For training, suppose you have a sequence of [h1,h2,h3,h4,h5,h6...], true values in the correct sequence. (I suggest you have actually many sequences (samples), so your model learns better).
For this sequence, you want an output predicting the next step, then your target would be [h2,h3,h4,h5,h6,h7...]
So, suppose you have a data array with shape (manySequences, steps, 1), you make:
x_train = data[:,:-1,:]
y_train = data[:,1:,:]
Now, your layers should be using return_sequences=True. (Every input step produces an output step). And you train the model with this data.
A this point, whether you're using stateful=True or stateful=False is not very relevant. (But if true, you always need model.reset_state() before every single epoch and sequence)
Predicting:
For predicting, you can use stateful=True in the model. This means that when you input h1, it will produce h2. And when you input h2 it will remember the "current speed" (the state of the model) to predict the correct h3.
(In the training phase, it's not important to have this, because you're inputting the entire sequences at once. So the speed will be understood between steps of the long sequences).
You can se the method reset_states() as set_current_speed_to(0). You will use it whenever the step you're going to input is the first step in a sequence.

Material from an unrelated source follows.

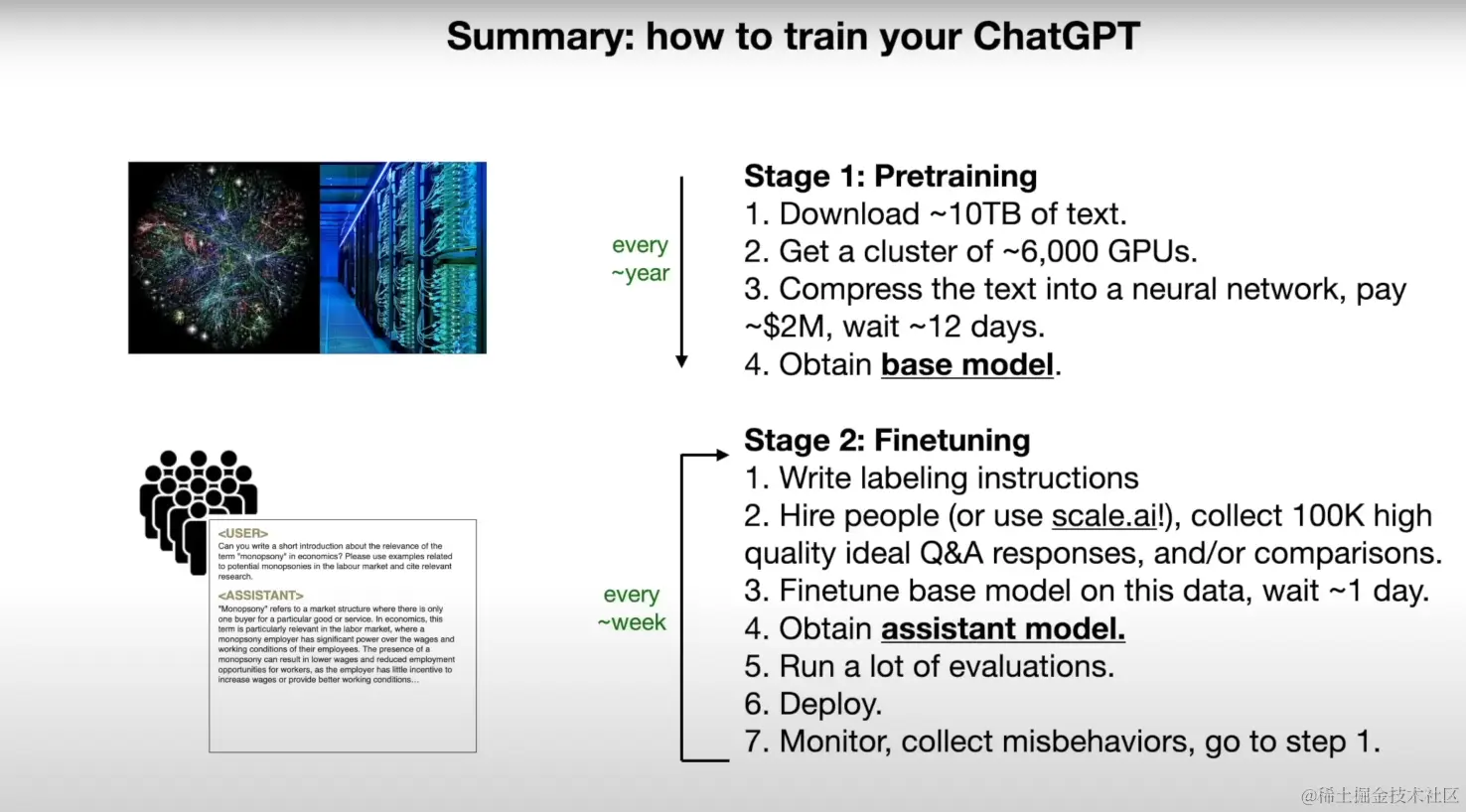 简而言之,GPT 的训练过程可以分成两个阶段,第一个阶段是基座模型的预训练 (pre-training),第二个阶段是微调(fine-tuning)。

Then you can do loops like this:
model.reset_states() #make speed = 0
nextH = someValueWithShape((1,1,1))
predictions = [nextH]
for i in range(steps):
nextH = model.predict(nextH)
predictions.append(nextH)
There is an example here, but using two features. There is a difference that I use two models, one for training, one for predicting, but you can use only one with return_sequences=True and stateful=True (don't forget to reset_states() at the beginning of every epoch in training).